__PROBLEM__:
Below are the records; retype them exactly and omit each picture.

(Extracted data entries)
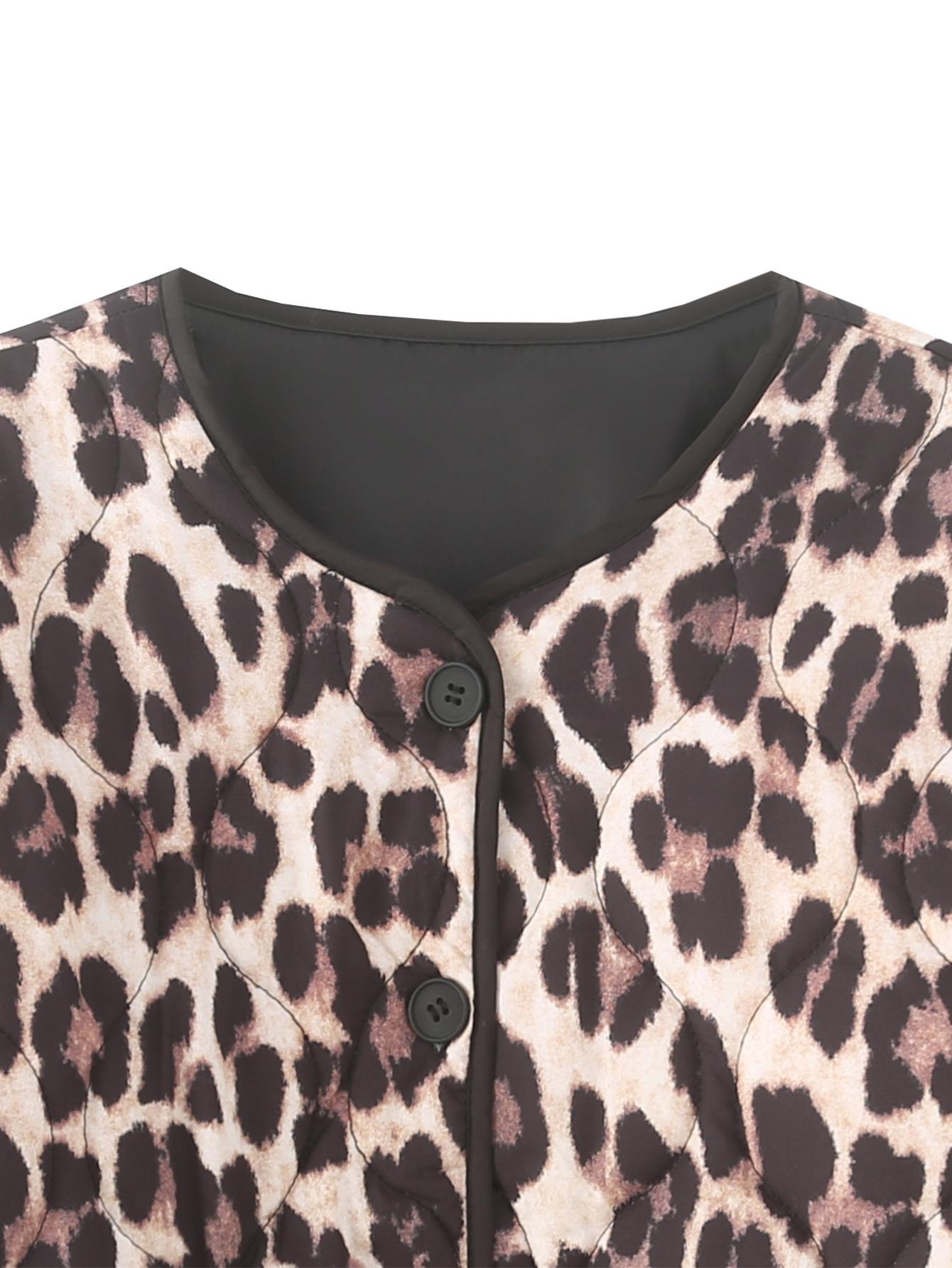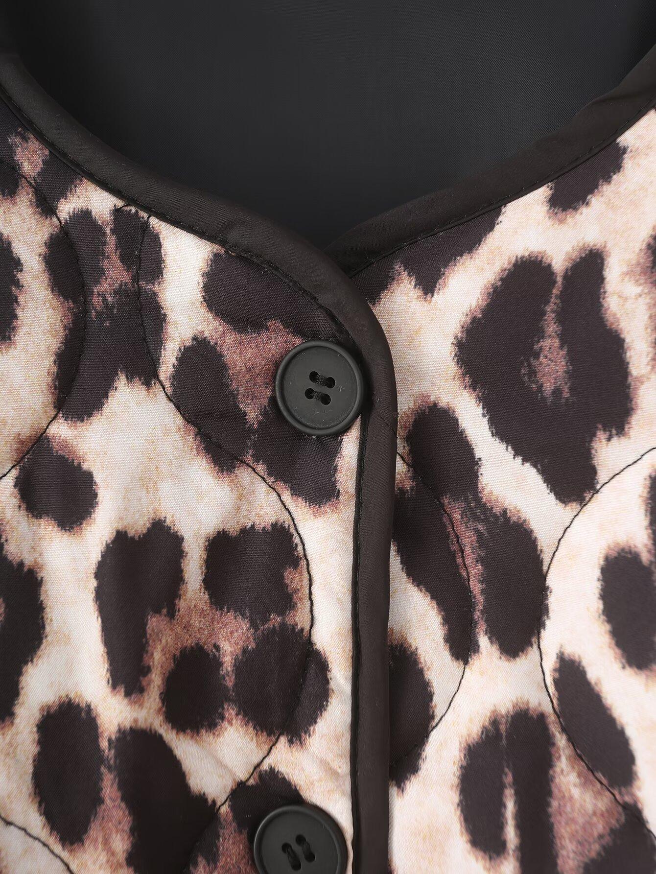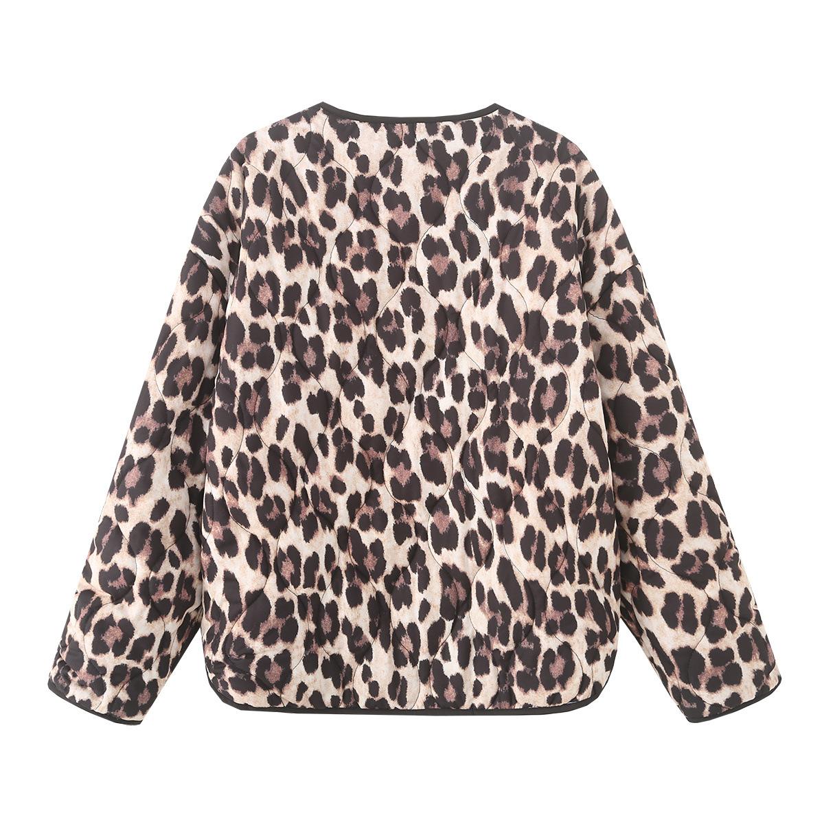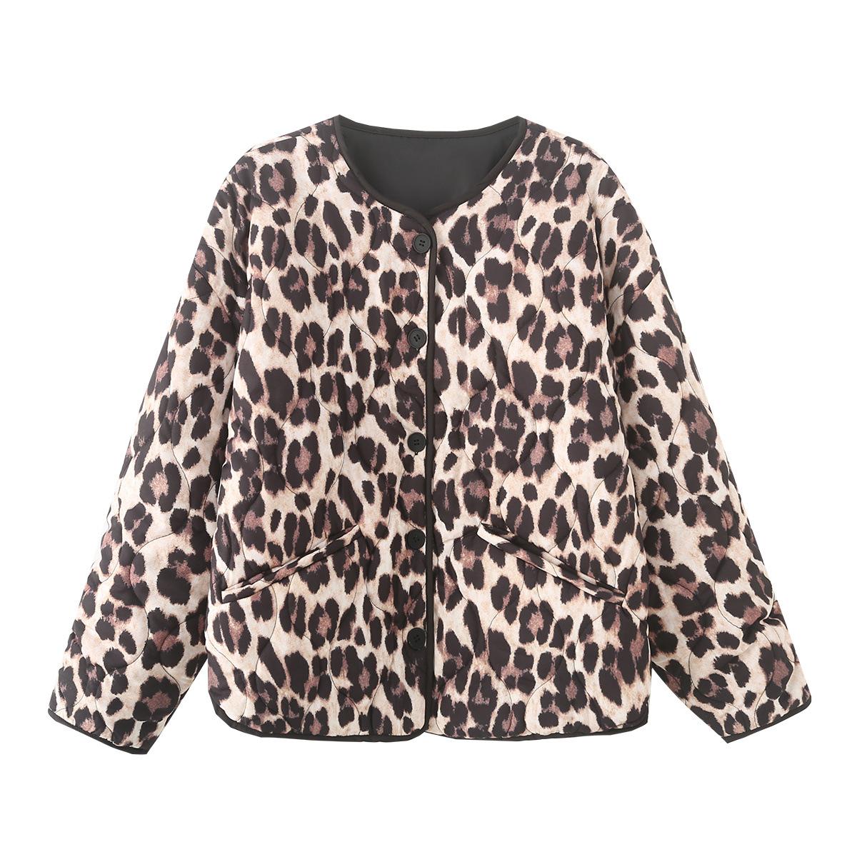 Abrigo de algodón con contraste de color y bolsillo con estampado animal para otoño e invierno 2024, ropa de mujer europea y americana de comercio exterior transfronterizo de Amazon
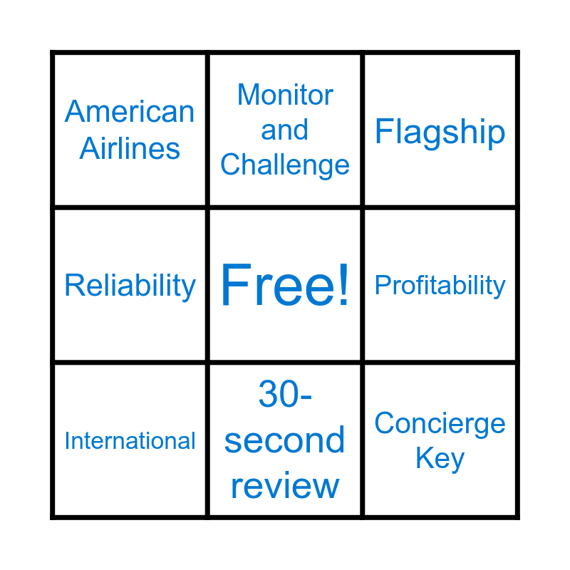 This bingo card has a free space and 29 words: Flight Attendant, Layover, Wings, Airbus, American Airlines, Flagship, International, Boeing, IFM, Comply365, DDB, D0, Hotel/Limo, Crew Scheduling, Uniform, Bidding, Reserve, MyFlight, Concierge Key, Executive Platinum, Widebody, Narrowbody, Accountability, Profitability, Reliability, Monitor and Challenge, Good slide!, 30-second review and Jump and slide! Jump and slide!.
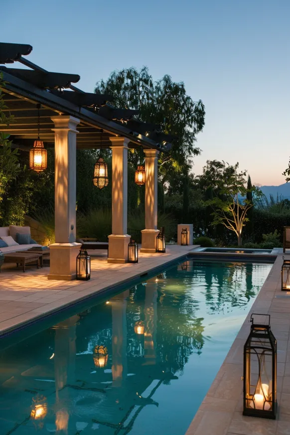 This gorgeous poolside design combines rustic charm with contemporary elegance. The pool is softly illuminated by strategically placed lighting along its edges, creating a serene and inviting glow. The surrounding stone steps and lush landscaping are subtly lit, with lantern-style lights adding an extra layer of warmth to the space. A cozy seating area under a pergola provides the perfect spot for enjoying the evening, complete with additional lighting to make the whole area feel like an outdoor living room.
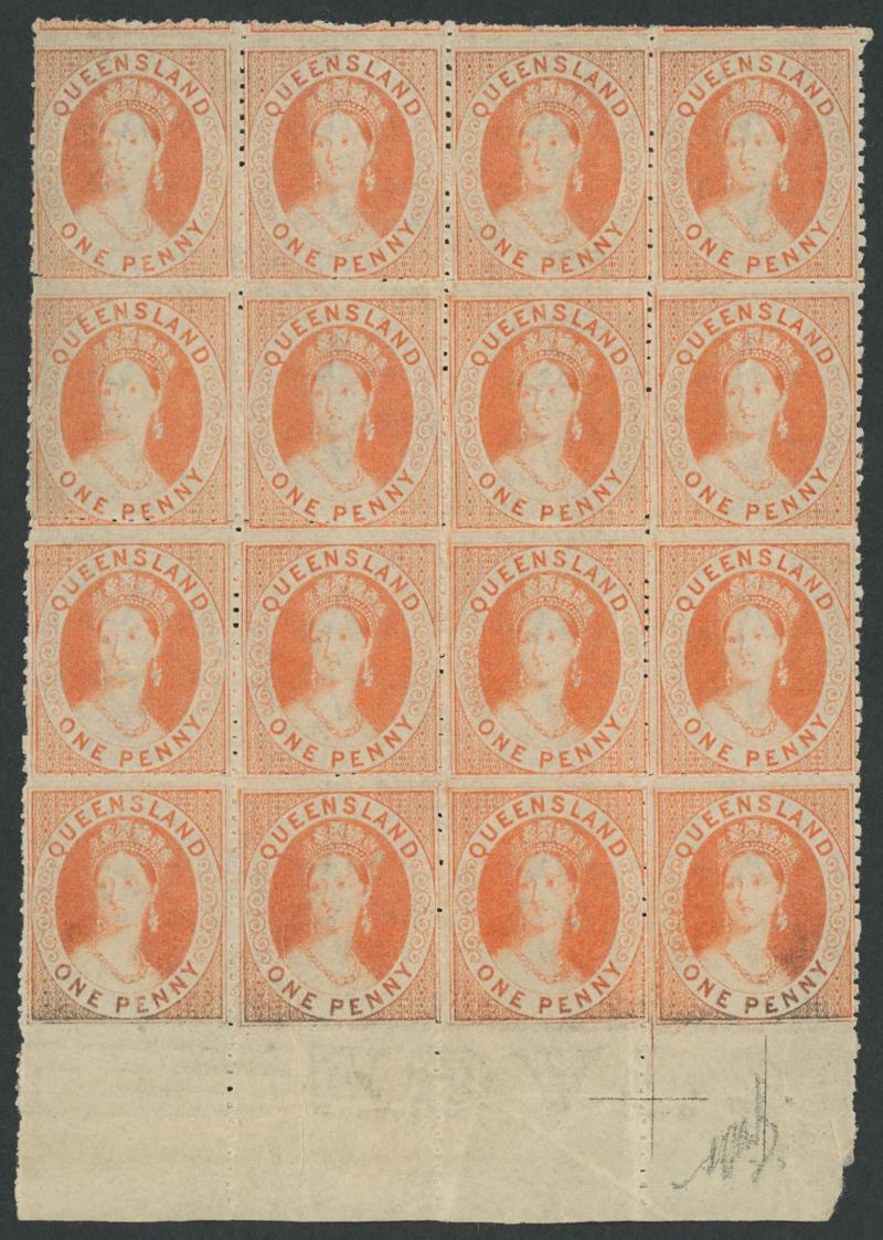 1864-65 QV Chalons Small Star Watermark Perf 12½x13 1d orange-vermilion SG 50 marginal block of 16 (4x4) from the base of the
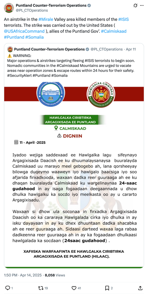 An airstrike in the #Mirale Valley area killed members of the #ISIS terrorists. The strike was carried out by the United States (@USAfricaCommand ), allies of the Puntland Gov’. #Calmiskaad #Puntland #Somalia
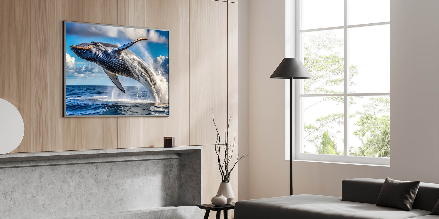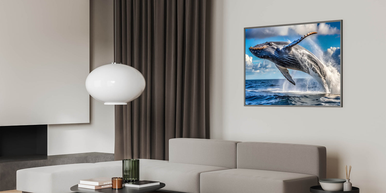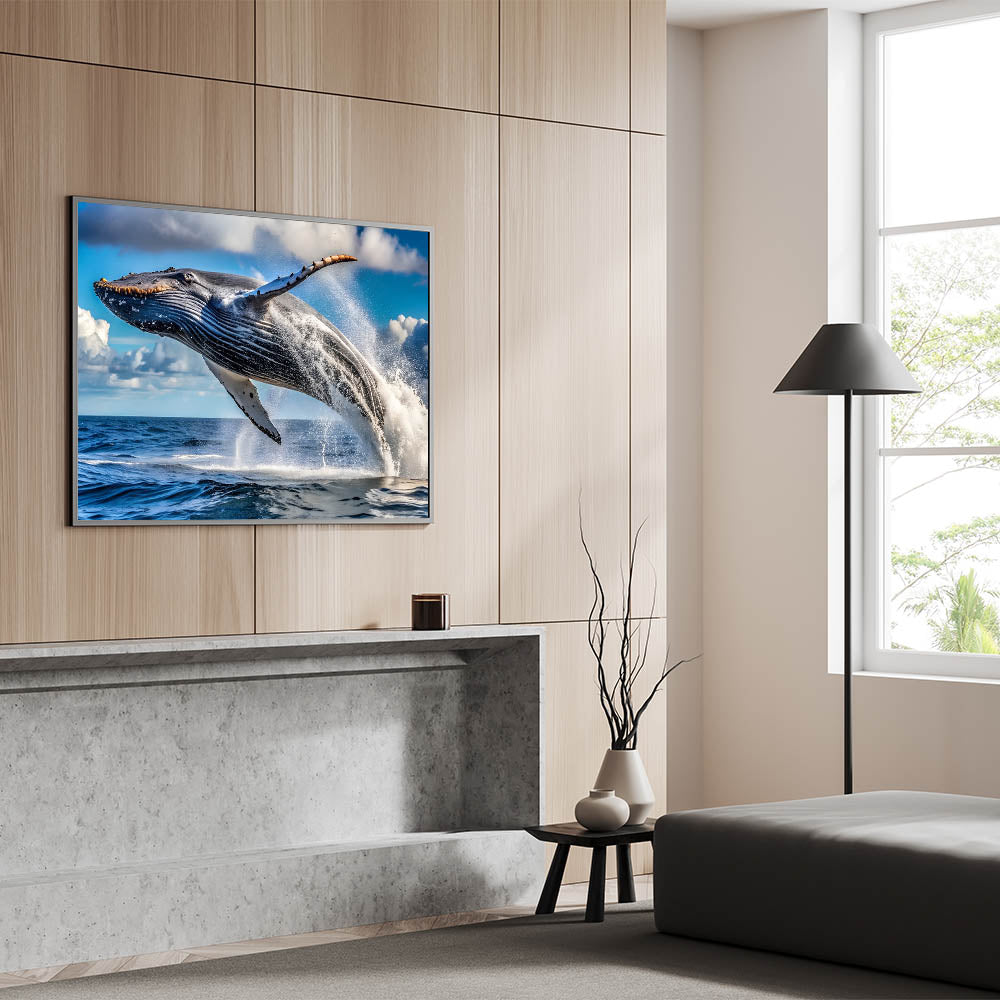 Capture the breathtaking moment of a majestic whale breaching the ocean’s surface with this stunning wall art. The powerful leap of the whale, set against a backdrop of deep blue seas and a cloud-streaked sky, brings the beauty and wonder of marine life into your home. Perfect for wildlife enthusiasts and ocean lovers, this artwork will add an awe-inspiring touch to any space.
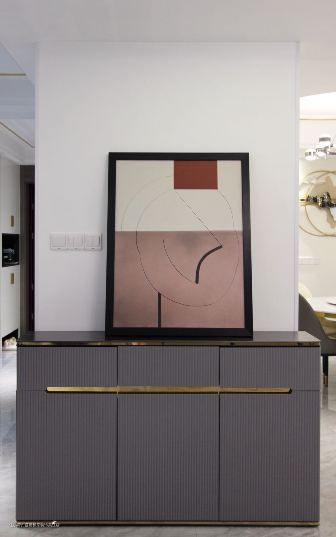 沙发与餐厅之间空余,斗柜收纳兼顾装饰,摆上精致的饰品或者挂画,给空间增加高级感。
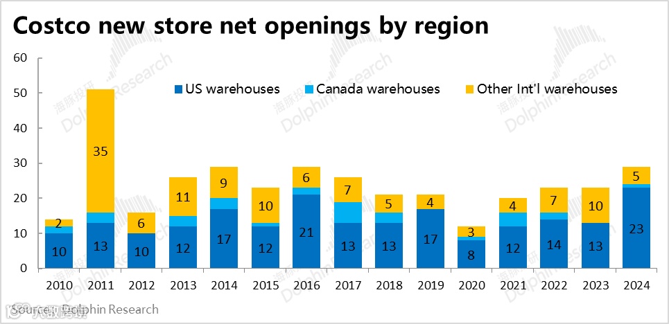 历史上看,2010年后除2011一年外,Costco在非美国&加拿大地区的开店数量,一直明显少于美国本土的新开门店数量,每年也不超过10家。换言之,Costco在拓店时是优先考虑在成熟的北美加密门店数量,而非海外快速开拓新市场。 换言之,指望Costco明显加速海外开店节奏,拉动业绩增长的可能性也不大。
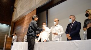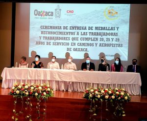 Oaxaca de Juárez, Oax. 29 de octubre de 2021.- Con la representación del gobernador Alejandro Murat Hinojosa, el Director General de Caminos y Aeropistas de Oaxaca (CAO), David Mayrén Carrasco, acompañado por el secretario general del Sindicato Único de Trabajadores de Caminos y Aeropistas de Oaxaca, Rafael Vásquez Miguel entregaron medallas de oro y plata por años de servicio a la base trabajadora.
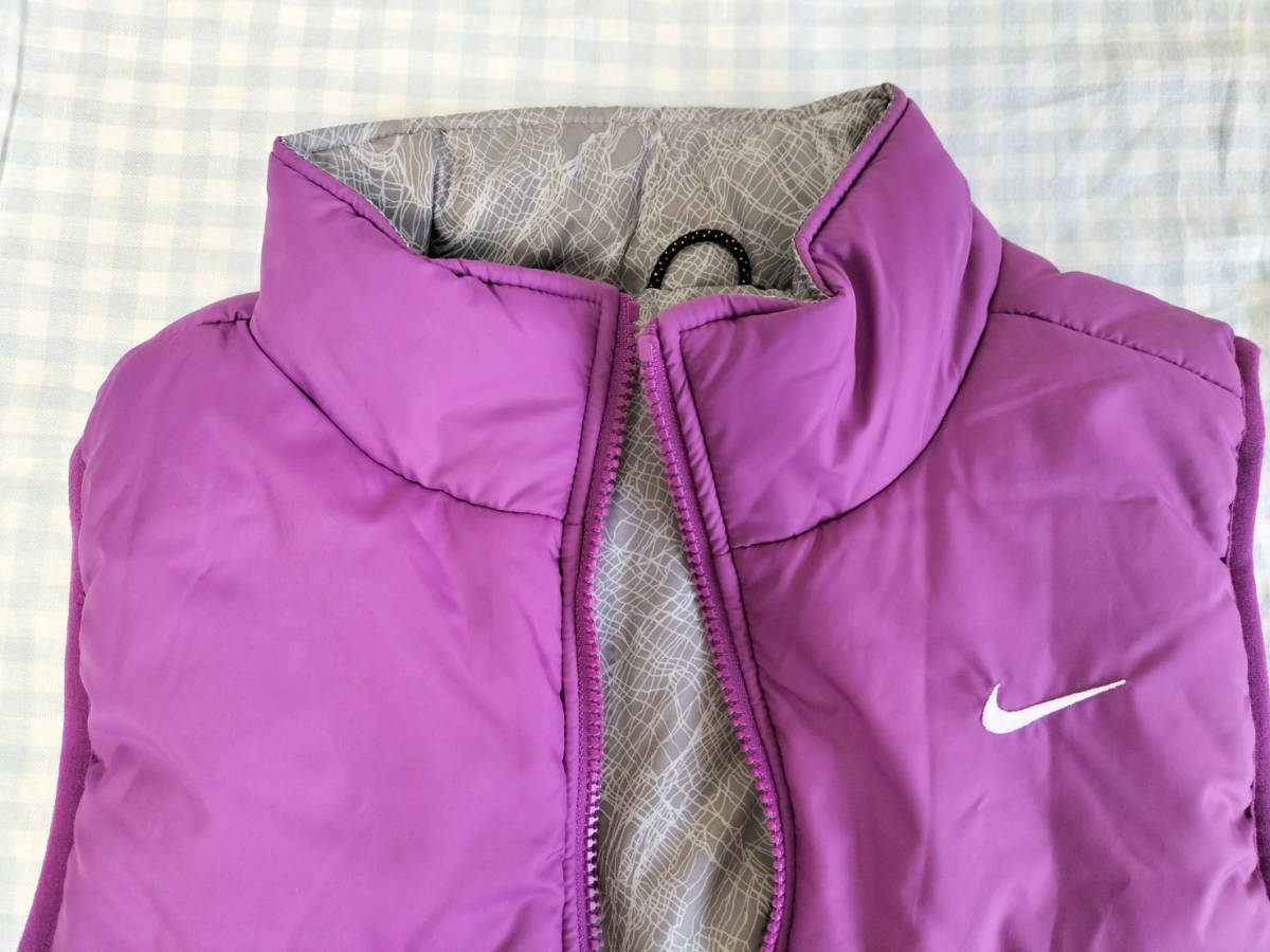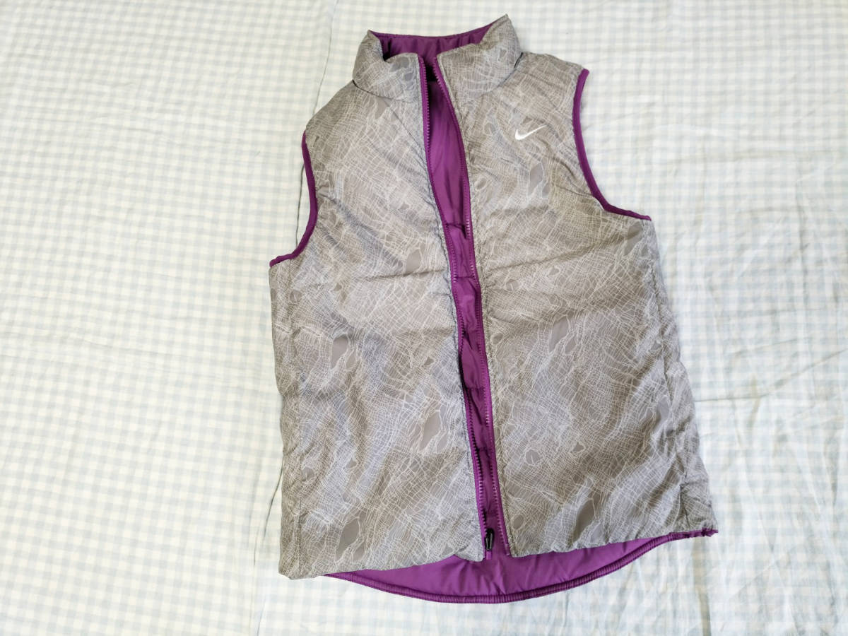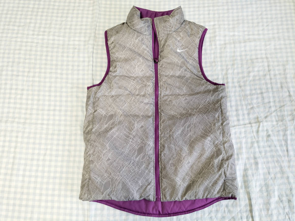 色は紫 裏はグレーの柄 リバーシブルで着られます。 素材:ポリエステル100% サイズS 肩幅36cm胸幅45cm着丈(前)60cm(後ろ)65cm 他にも洋服、バッグ、靴、小物、本を出品していますので見てください。

__EXERCISE OUTPUT__:
 Abrigo de algodón con contraste de color y bolsillo con estampado animal para otoño e invierno 2024, ropa de mujer europea y americana de comercio exterior transfronterizo de Amazon
 This bingo card has a free space and 29 words: Flight Attendant, Layover, Wings, Airbus, American Airlines, Flagship, International, Boeing, IFM, Comply365, DDB, D0, Hotel/Limo, Crew Scheduling, Uniform, Bidding, Reserve, MyFlight, Concierge Key, Executive Platinum, Widebody, Narrowbody, Accountability, Profitability, Reliability, Monitor and Challenge, Good slide!, 30-second review and Jump and slide! Jump and slide!.
 This gorgeous poolside design combines rustic charm with contemporary elegance. The pool is softly illuminated by strategically placed lighting along its edges, creating a serene and inviting glow. The surrounding stone steps and lush landscaping are subtly lit, with lantern-style lights adding an extra layer of warmth to the space. A cozy seating area under a pergola provides the perfect spot for enjoying the evening, complete with additional lighting to make the whole area feel like an outdoor living room.
 1864-65 QV Chalons Small Star Watermark Perf 12½x13 1d orange-vermilion SG 50 marginal block of 16 (4x4) from the base of the
 An airstrike in the #Mirale Valley area killed members of the #ISIS terrorists. The strike was carried out by the United States (@USAfricaCommand ), allies of the Puntland Gov’. #Calmiskaad #Puntland #Somalia
 Capture the breathtaking moment of a majestic whale breaching the ocean’s surface with this stunning wall art. The powerful leap of the whale, set against a backdrop of deep blue seas and a cloud-streaked sky, brings the beauty and wonder of marine life into your home. Perfect for wildlife enthusiasts and ocean lovers, this artwork will add an awe-inspiring touch to any space.
 沙发与餐厅之间空余,斗柜收纳兼顾装饰,摆上精致的饰品或者挂画,给空间增加高级感。
 历史上看,2010年后除2011一年外,Costco在非美国&加拿大地区的开店数量,一直明显少于美国本土的新开门店数量,每年也不超过10家。换言之,Costco在拓店时是优先考虑在成熟的北美加密门店数量,而非海外快速开拓新市场。 换言之,指望Costco明显加速海外开店节奏,拉动业绩增长的可能性也不大。
 Oaxaca de Juárez, Oax. 29 de octubre de 2021.- Con la representación del gobernador Alejandro Murat Hinojosa, el Director General de Caminos y Aeropistas de Oaxaca (CAO), David Mayrén Carrasco, acompañado por el secretario general del Sindicato Único de Trabajadores de Caminos y Aeropistas de Oaxaca, Rafael Vásquez Miguel entregaron medallas de oro y plata por años de servicio a la base trabajadora.
 色は紫 裏はグレーの柄 リバーシブルで着られます。 素材:ポリエステル100% サイズS 肩幅36cm胸幅45cm着丈(前)60cm(後ろ)65cm 他にも洋服、バッグ、靴、小物、本を出品していますので見てください。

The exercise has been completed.